Brot, Messer, Brett, Buch

The first and last are fairly easy. Brot is bread and Buch is book.

Let’s try a phrase with each. You’re not sure if the bread near you on the table is yours.

Ask: Is this my bread?

Ist das mein Brot?

Where is my book?

Wo ist mein Buch?

Those words fit nicely with our philosophy of being flexible: From bread to Brot. From book to Buch. Unfortunately the German words for knife and board aren’t so obvious:

Messer, Brett

That is a small knife.

Das ist ein kleines Messer.

Admiring the smooth, hardwood cutting board, you say:

This is a good board.

Das ist ein gutes Brett.

Let’s try one more round. In the bakery say:

I would have with pleasure one bread.

Ich hätte gerne ein Brot.

to a friend: Your book is on the shelf.

Dein Buch ist auf dem Regal.

Looking to do some cooking in your friend’s kitchen, ask:

Do you have a board?

Hast du ein Brett?

Alright! Armed with some new words, we’re ready to head outside. So Lisa stands up and opens the door…

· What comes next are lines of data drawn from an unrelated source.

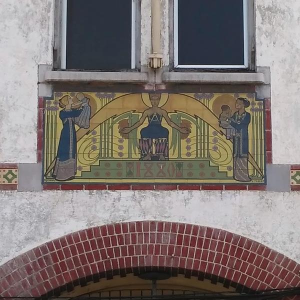 How to recognise Berlage’s style? The brick arches formed by stone blocks are typical Berlage elements and the ornamental pillars. The eye-catching decorative details on the façade are by colleague architect Jan Toorop. The painting portrays two mothers with child, one European one Indonesian. The grains and hourglasses refer to the book of Genesis 41 (about the seven prosperous and seven meagre years) symbolising the importance of having insurance!
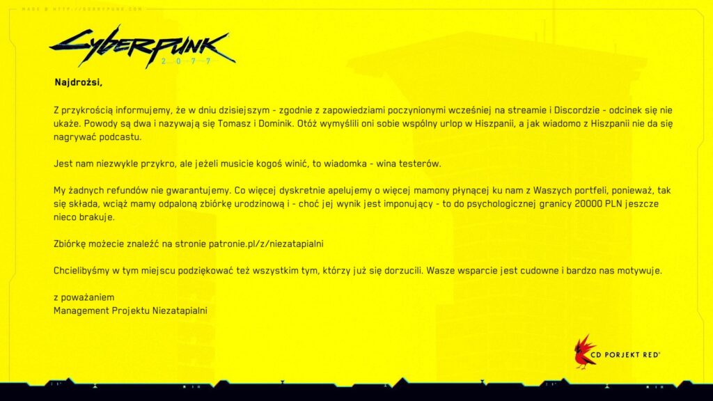 Ogłoszenie o dzisiejszym lajwie w formie audio dla tych, którzy znają nas tylko ze Spotify czy innych platform podcastowych – coby też wiedzieli, co się dzieje.
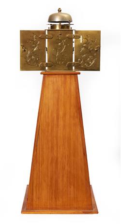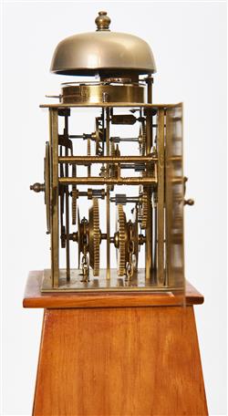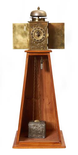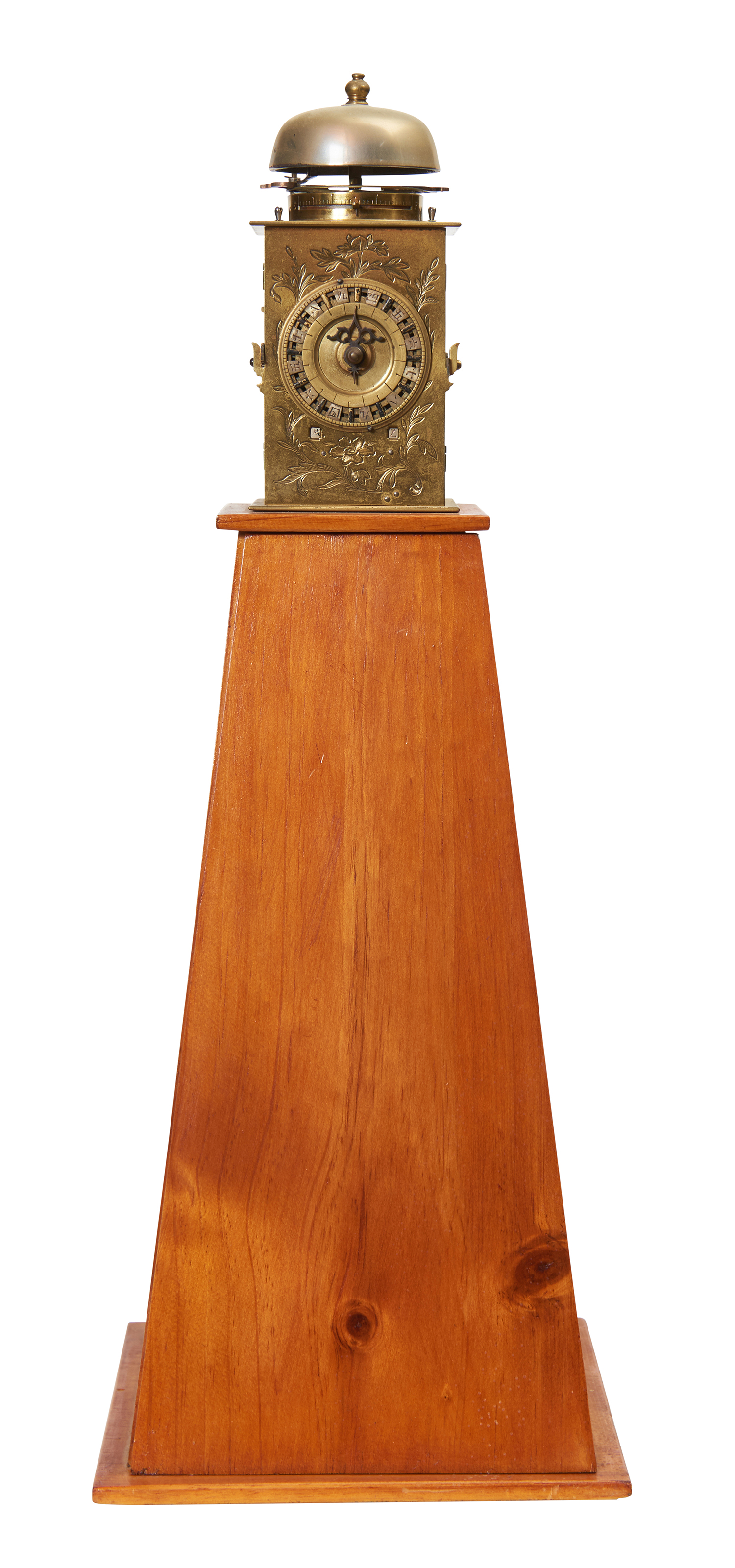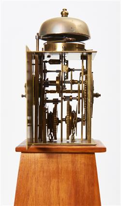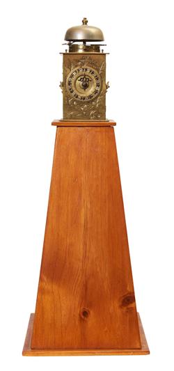 The brass and iron case with side and rear panels with engraved decoration, mounted on a tapering wooden stand. The weight driven movement balance wheel verge escapement
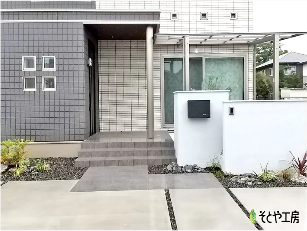 全体的にシンプルな建物、その雰囲気に合う外構にしました。 シンプルな中にも、壁を段違いにし変化をつけたり植栽と景石を彩ることで、リゾート感のある外構に仕上げました。
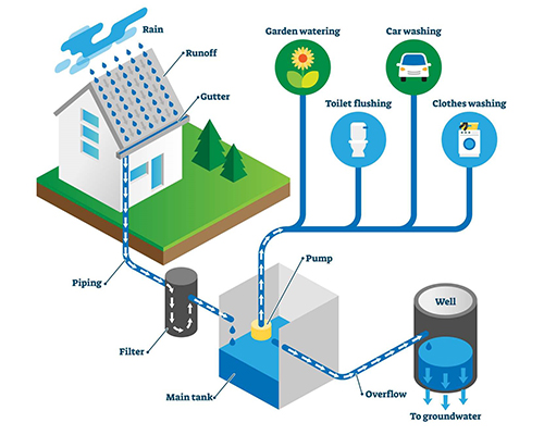 Rainwater harvesting is the simple process or technology used to conserve rainwater by collecting, storing, conveying and purifying of rainwater that runs off from rooftops, parks, roads, open grounds, etc. for later use.
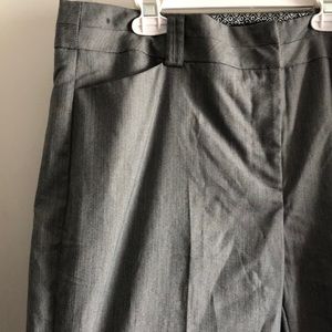 Boot cut, grey slacks.
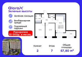 Продается 2-комн. квартира  на 7-м этаже в жилом квартале GloraX Зелёные высоты — проекте в тихой зелёной локации.  Общая площадь квартиры 57,80 кв. м, из которых 21,40 кв. м включая 21,40 кв. м жилого пространства и 15,00 кв. м кухни. Номер квартиры - 60.
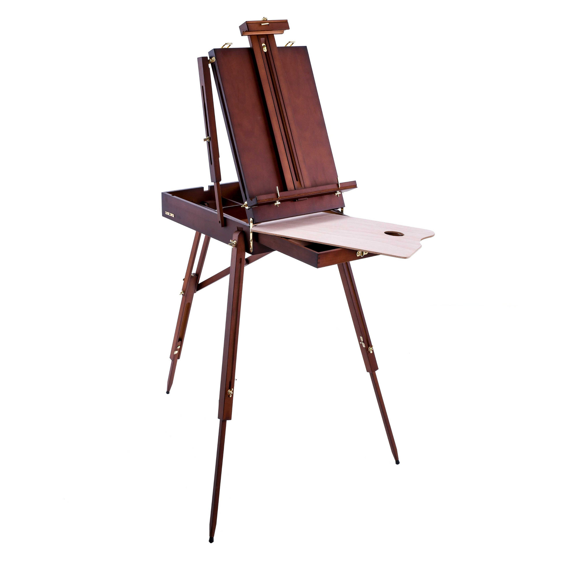 <p><b>U.S. Art Supply Coronado Walnut Easel, Large Adjustable Wooden French Style Field and Studio Sketchbox Tripod Easel with Drawer, Artist Wood Palette, Premium Beechwood</b></p>
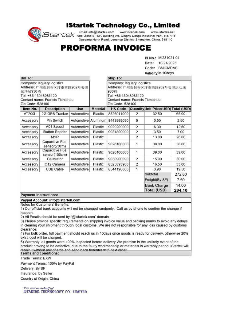 Proforma Invoice: Istartek Technology Co., Limited | PDF | Technology ...
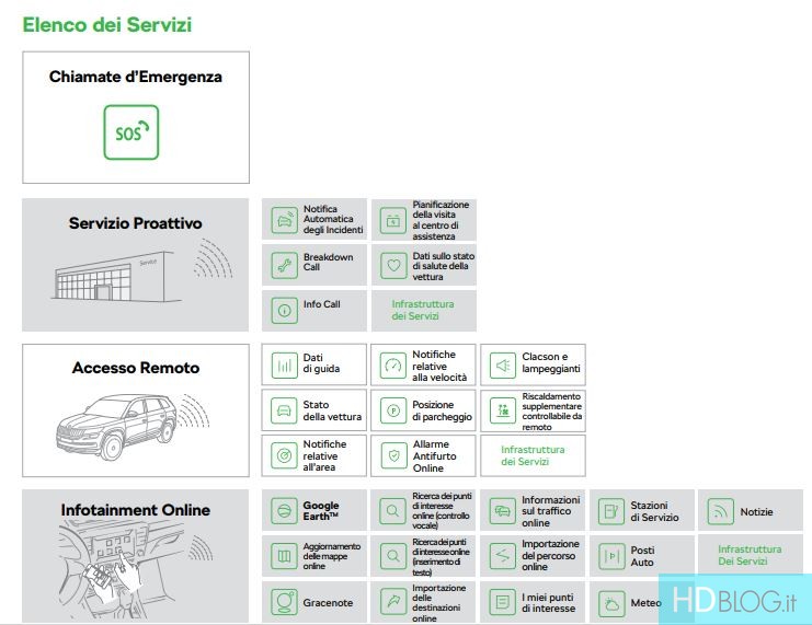 I servizi di Accesso Remoto - inclusi per il primo anno o i primi tre anni dall'acquisto, poi a pagamento - indica invece la possibilità di controllare alcune funzioni del veicolo direttamente dall'applicazione per smartphone Skoda Connect.

Gehen wir jetzt in die Bäckerei?

Warum nicht?

In the bakery, after the greetings and the How can I help you exchange, Lisa points to a dark, dense-looking loaf of bread. Then holds up one finger…

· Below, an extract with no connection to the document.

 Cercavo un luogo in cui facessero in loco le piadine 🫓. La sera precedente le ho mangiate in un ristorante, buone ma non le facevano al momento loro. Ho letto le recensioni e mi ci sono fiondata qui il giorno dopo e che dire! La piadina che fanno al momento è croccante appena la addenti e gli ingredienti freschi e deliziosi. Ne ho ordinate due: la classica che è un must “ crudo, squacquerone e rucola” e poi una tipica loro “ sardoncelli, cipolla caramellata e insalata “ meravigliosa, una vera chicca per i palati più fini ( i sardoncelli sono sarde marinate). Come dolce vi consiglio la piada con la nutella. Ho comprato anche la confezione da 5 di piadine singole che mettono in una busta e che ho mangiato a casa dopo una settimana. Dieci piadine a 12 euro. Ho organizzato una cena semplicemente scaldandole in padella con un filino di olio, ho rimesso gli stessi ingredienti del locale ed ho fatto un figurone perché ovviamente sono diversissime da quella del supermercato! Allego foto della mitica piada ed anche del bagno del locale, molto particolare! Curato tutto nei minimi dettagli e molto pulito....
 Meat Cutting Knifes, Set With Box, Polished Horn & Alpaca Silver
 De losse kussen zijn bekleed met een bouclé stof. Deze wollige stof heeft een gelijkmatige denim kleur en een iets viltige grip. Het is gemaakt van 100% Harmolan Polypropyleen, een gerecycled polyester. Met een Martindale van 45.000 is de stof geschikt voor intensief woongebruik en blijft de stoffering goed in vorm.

Einmal Vollkornbrot, bitte.

Well, she ordered some kind of bread, I caught that. When you think about it, it makes sense that we’d encounter variations on that word. I mean, there are all sorts of breads in the world. Dark bread, white bread, rye bread, and so on.

Maybe you heard the relation between full and voll. Full grain….Vollkorn.

So she asked for a full-grain or “whole wheat” bread. Vollkornbrot

Einmal Vollkornbrot, bitte.

And then Thomas orders by pointing to a loaf of whitebread and holding up one finger.

Einmal Weißbrot.

Is he saying “white”? Weiß

Whitebread…. Weißbrot

Okay. I get that now. But what’s up with that word einmal? We’ll ponder in a moment….


So einmal is obviously functioning here as “one.” Right? One bread, please. But more literally, what you’re really saying is “one time,” “one instance” or even just “once” of bread. And if we want two loaves?

Zweimal Vollkornbrot, bitte.

Two whitebreads, please.

Zweimal Weißbrot, bitte.

Imagine we’re in a bakery in Salzburg, where they sell bread and Mozartkugels.

Listen to Lisa’s order:

Einmal Sonnenblumenkernbrot, bitte. Und zwei Mozartkugeln.

Hmm….Be flexible, right? So the German word Sonnen sounds like sun. Blume…well that’s flower. So Sonnenblume is sunflower? And kern…sounds like kernel, which is a seed. So, ah!

Sunflower seed bread!


I am totally ordering that the next time I’m in a bakery.


Try to say: The bread is on the table.

Das Brot ist auf dem Tisch.

Your book is on the floor.

Dein Buch ist auf dem Boden.

I love this cutting board.

Ich liebe dieses Brett.

I love this knife.

Ich liebe dieses Messer.

Back in the bakery, try to say the following:

I would have with pleasure two loaves of white bread.

Ich hätte gerne zweimal Weißbrot.

Any guess on how to say “three” of something? Count with us to three… eins zwei drei


Listen as Tanya orders for five people:

Zweimal Orangensaft bitte, und dreimal Tee.

You try it: We want to order: Two OJs and three teas. Literally we’ll say…

Twice orangejuice please, and three-times tea.

Zweimal Orangensaft bitte, und dreimal Tee.

Last one before we switch to a new topic. So, do you think you can say:

I would have with pleasure one Sunflower seed bread.

Ich hätte gerne einmal Sonnenblumenkernbrot.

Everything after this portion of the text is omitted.